**What is expected:**
Print exactly the lines that run from the first line of the material to the line containing "Years ago, I", both ends included, and skip the pictures.

**Stored data:**
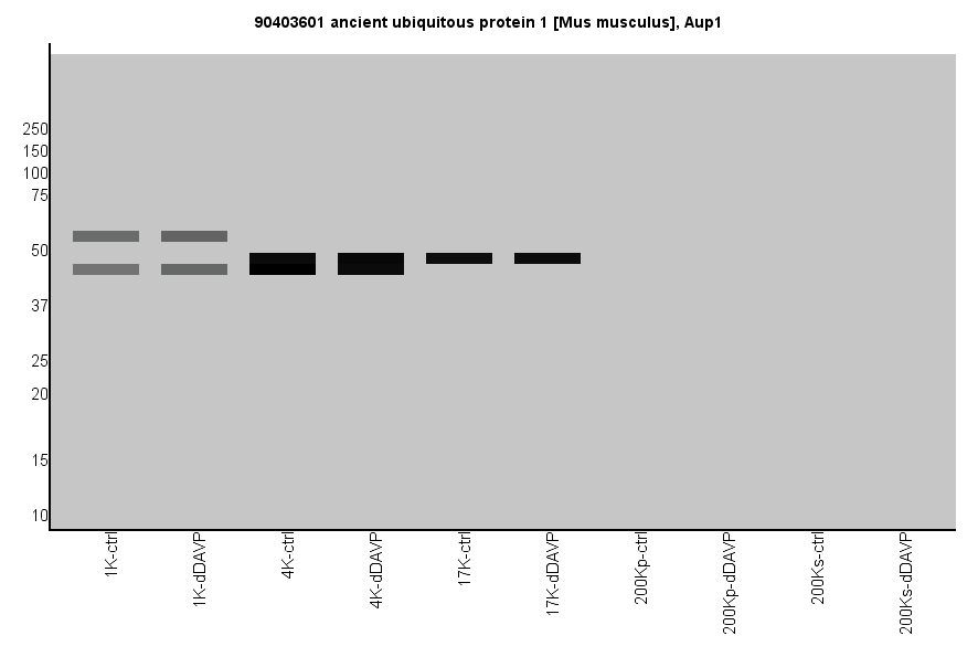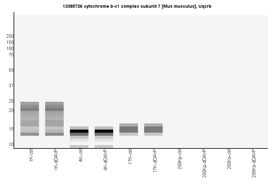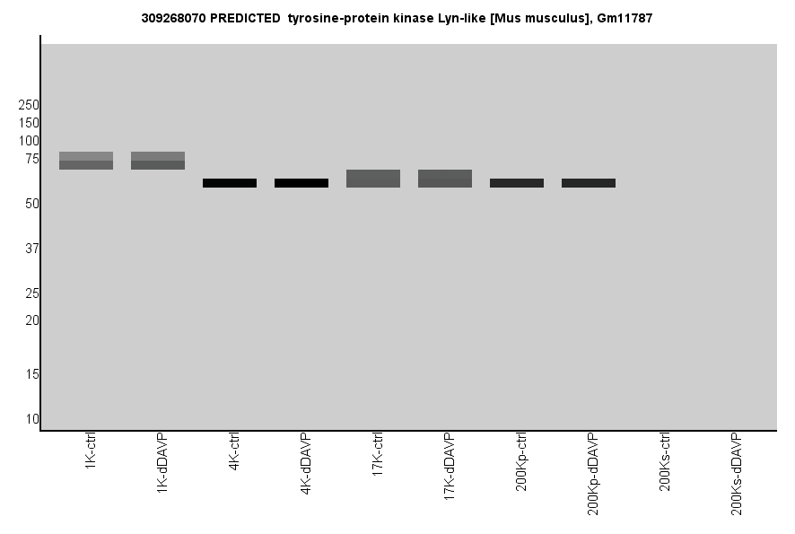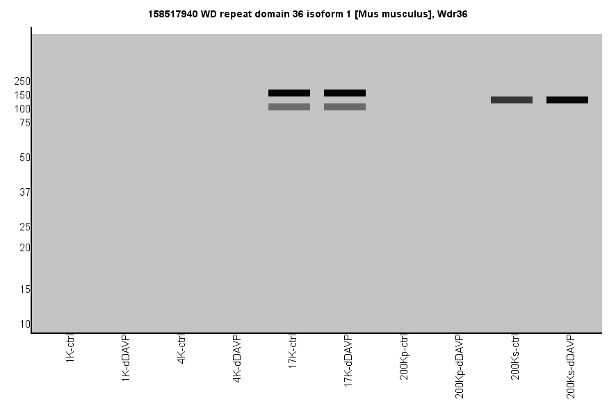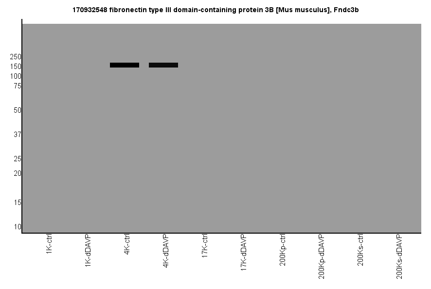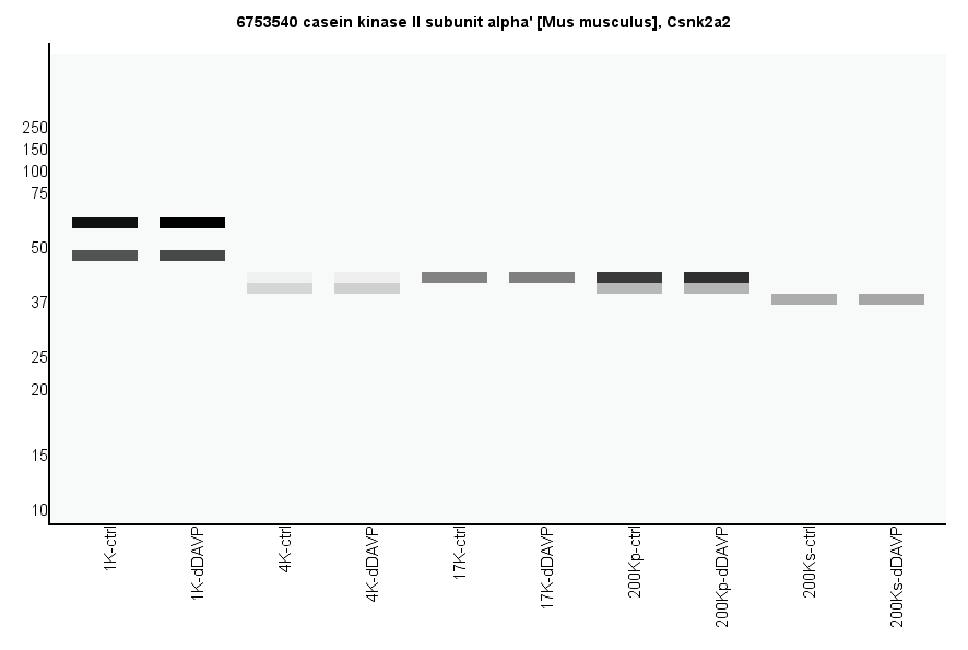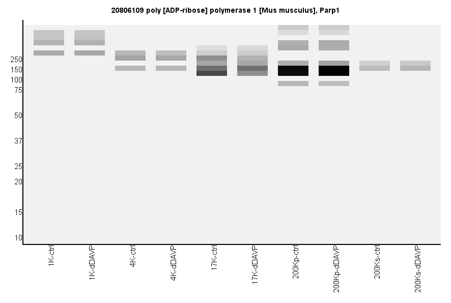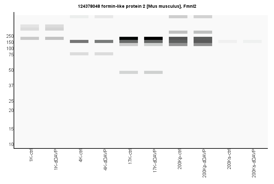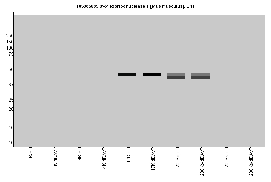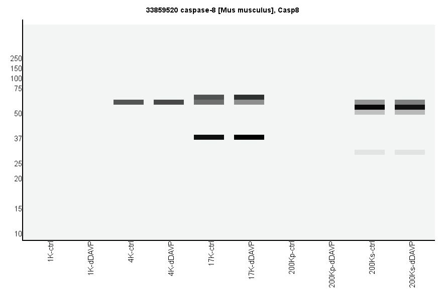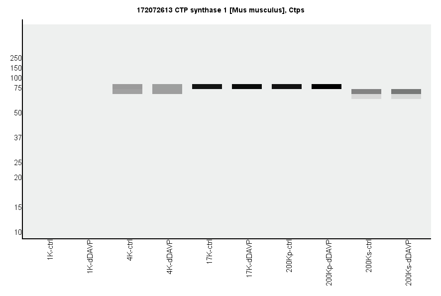 The virtual western blot images show data normalized using a logarithmic conversion scale to map peptide intensities to gray-scale levels. Using this conversion method, low-abundance peptides are generally visible in the blot images. Switch back to the default linear conversion scale database page.
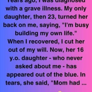 Years ago, I was diagnosed with a serious sickness. My 23-year-old only daughter pulled away, stating, “I’m busy building my own life.” When I recovered, I removed…
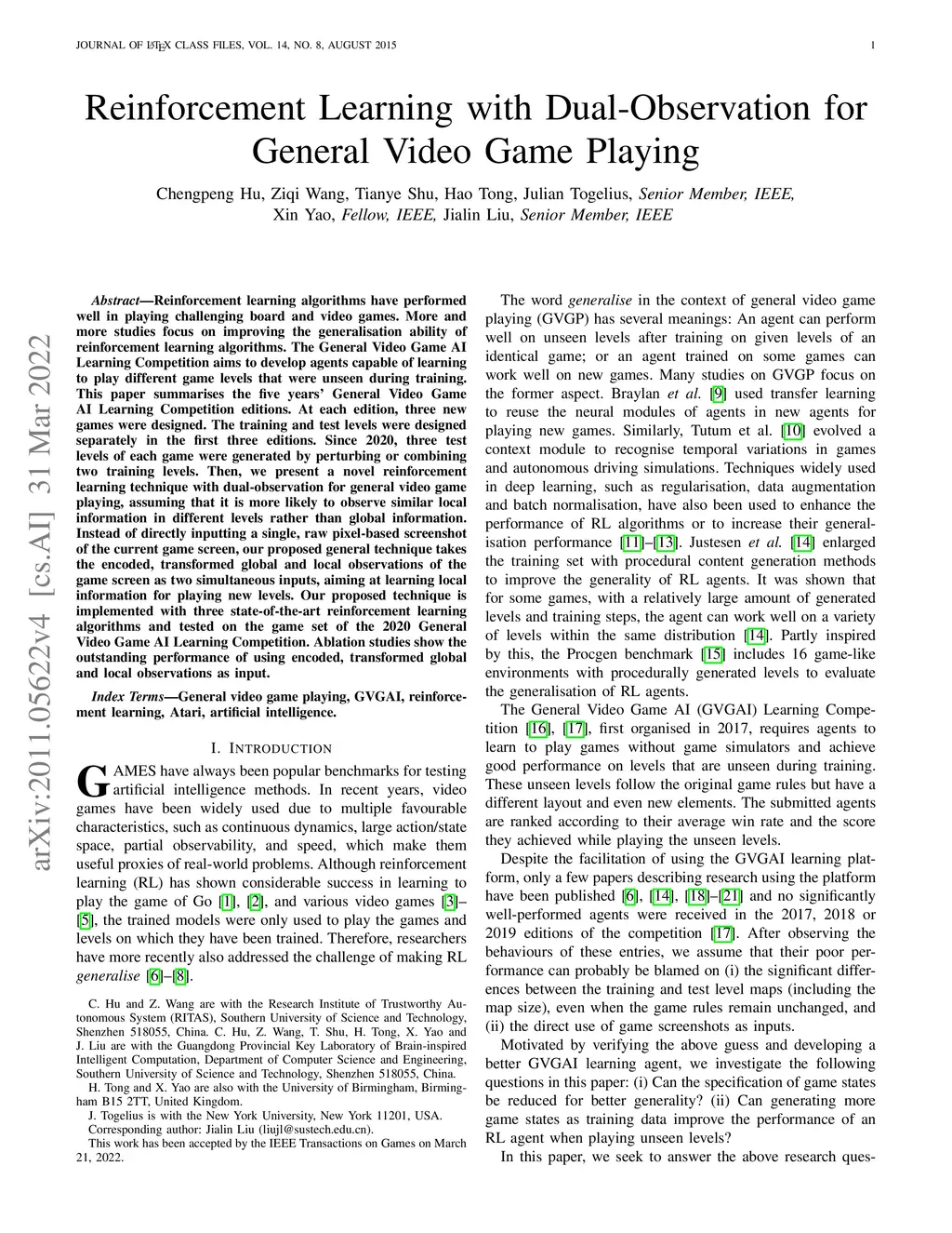 Reinforcement learning algorithms have performed well in playing challenging board and video games. More and more studies focus on improving the generalisation ability of reinforcement learning algorithms. The General Video Game AI Learning Competition aims to develop agents capable of learning to play different game levels that were unseen during training. This paper summarises the five years' General Video Game AI Learning Competition editions. At each edition, three new games were designed. The training and test levels were designed separately in the first three editions. Since 2020, three test levels of each game were generated by perturbing or combining two training levels. Then, we present a novel reinforcement learning technique with dual-observation for general video game playing, assuming that it is more likely to observe similar local information in different levels rather than global information. Instead of directly inputting a single, raw pixel-based screenshot of the current game screen, our proposed general technique takes the encoded, transformed global and local observations of the game screen as two simultaneous inputs, aiming at learning local information for playing new levels. Our proposed technique is implemented with three state-of-the-art reinforcement learning algorithms and tested on the game set of the 2020 General Video Game AI Learning Competition. Ablation studies show the outstanding performance of using encoded, transformed global and local observations as input.

**Written response:**
 The virtual western blot images show data normalized using a logarithmic conversion scale to map peptide intensities to gray-scale levels. Using this conversion method, low-abundance peptides are generally visible in the blot images. Switch back to the default linear conversion scale database page.
 Years ago, I was diagnosed with a serious sickness. My 23-year-old only daughter pulled away, stating, “I’m busy building my own life.” When I recovered, I removed…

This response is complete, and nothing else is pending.